======== EXERCISE INPUT ========

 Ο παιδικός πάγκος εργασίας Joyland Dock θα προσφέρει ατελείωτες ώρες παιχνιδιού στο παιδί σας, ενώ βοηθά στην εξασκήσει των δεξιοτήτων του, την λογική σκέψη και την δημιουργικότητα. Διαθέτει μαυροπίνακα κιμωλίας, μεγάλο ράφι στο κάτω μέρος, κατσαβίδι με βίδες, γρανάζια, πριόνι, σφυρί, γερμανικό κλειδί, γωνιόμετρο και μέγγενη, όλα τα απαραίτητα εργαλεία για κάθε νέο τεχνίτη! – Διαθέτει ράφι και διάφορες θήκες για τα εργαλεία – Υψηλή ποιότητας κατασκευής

========
======== EXERCISE INPUT ========

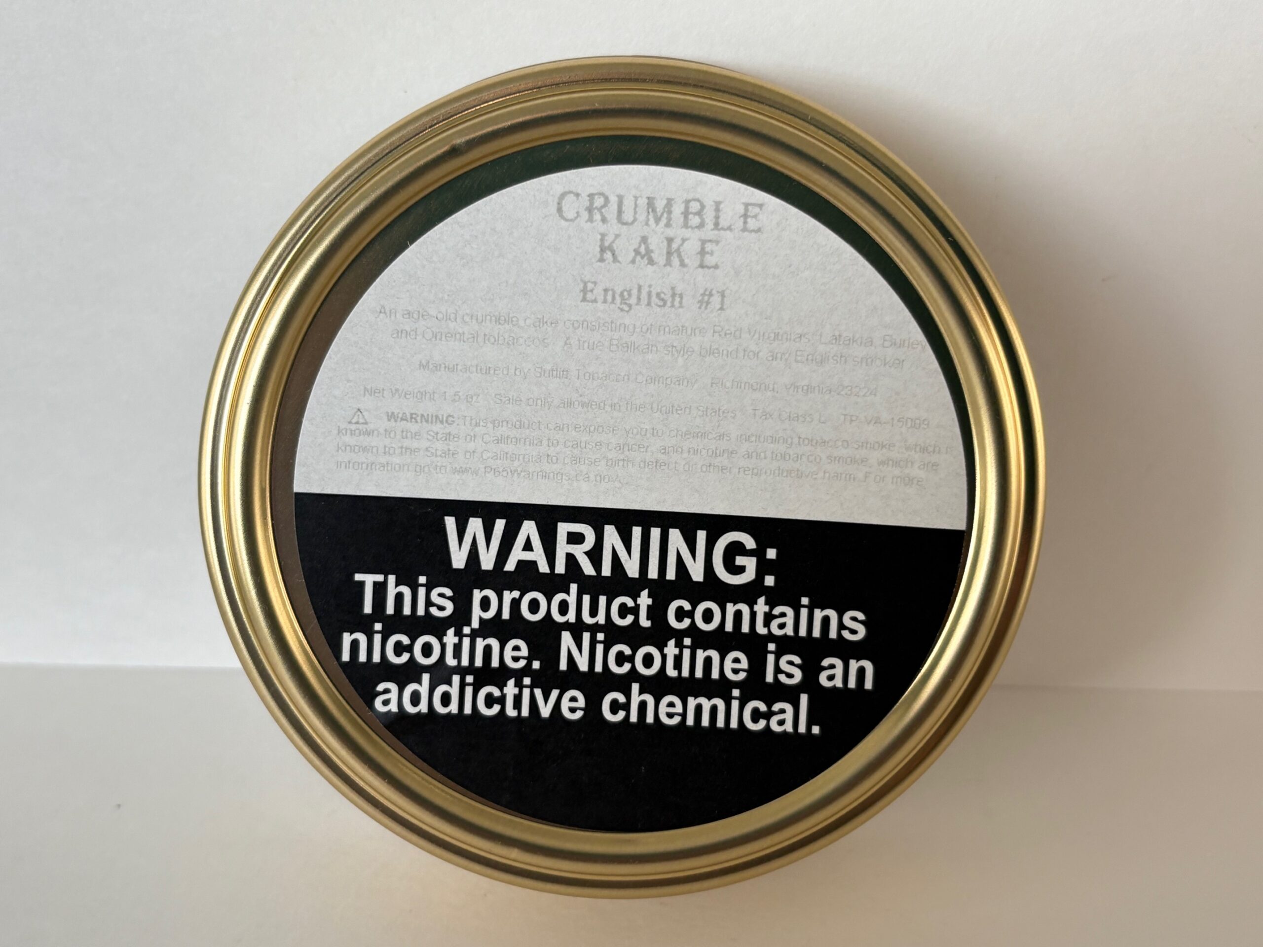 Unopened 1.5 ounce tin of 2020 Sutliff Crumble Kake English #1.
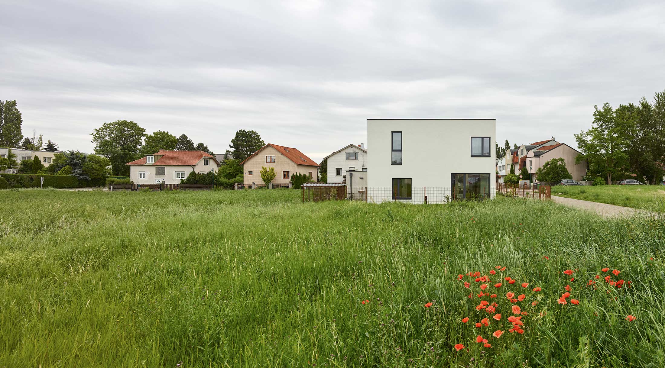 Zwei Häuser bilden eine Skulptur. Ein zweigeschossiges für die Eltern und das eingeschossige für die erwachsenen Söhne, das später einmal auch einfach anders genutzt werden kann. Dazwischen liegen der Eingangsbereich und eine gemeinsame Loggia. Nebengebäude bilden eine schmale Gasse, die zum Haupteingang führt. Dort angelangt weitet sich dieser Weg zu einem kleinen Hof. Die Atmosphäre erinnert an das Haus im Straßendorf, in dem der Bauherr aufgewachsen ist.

========

An exact copy is needed of the stretch above that opens with the line containing "Unopened 1.5 ounce" and closes with the line containing "Zwei Häuser bilden"; the pictures are not part of it.

• **WRITTEN RESPONSE**:
 Unopened 1.5 ounce tin of 2020 Sutliff Crumble Kake English #1.
 Zwei Häuser bilden eine Skulptur. Ein zweigeschossiges für die Eltern und das eingeschossige für die erwachsenen Söhne, das später einmal auch einfach anders genutzt werden kann. Dazwischen liegen der Eingangsbereich und eine gemeinsame Loggia. Nebengebäude bilden eine schmale Gasse, die zum Haupteingang führt. Dort angelangt weitet sich dieser Weg zu einem kleinen Hof. Die Atmosphäre erinnert an das Haus im Straßendorf, in dem der Bauherr aufgewachsen ist.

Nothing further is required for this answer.